Line by line, repeat the material below exactly and leave the images out.

Source data:
________________

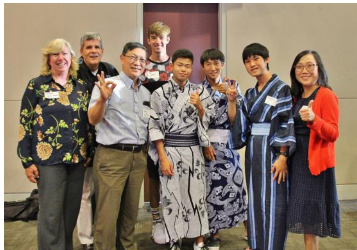
Host Families and Students

heard: "Torrance is a great city, and I want to come back someday."
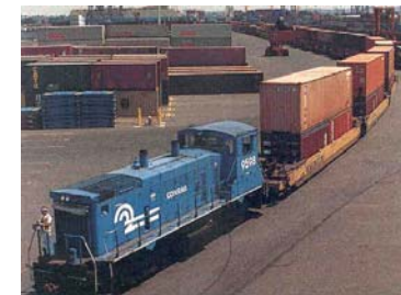
Line-Haul Rail Service

________________

Result:
Host Families and Students

heard: "Torrance is a great city, and I want to come back someday."
Line-Haul Rail Service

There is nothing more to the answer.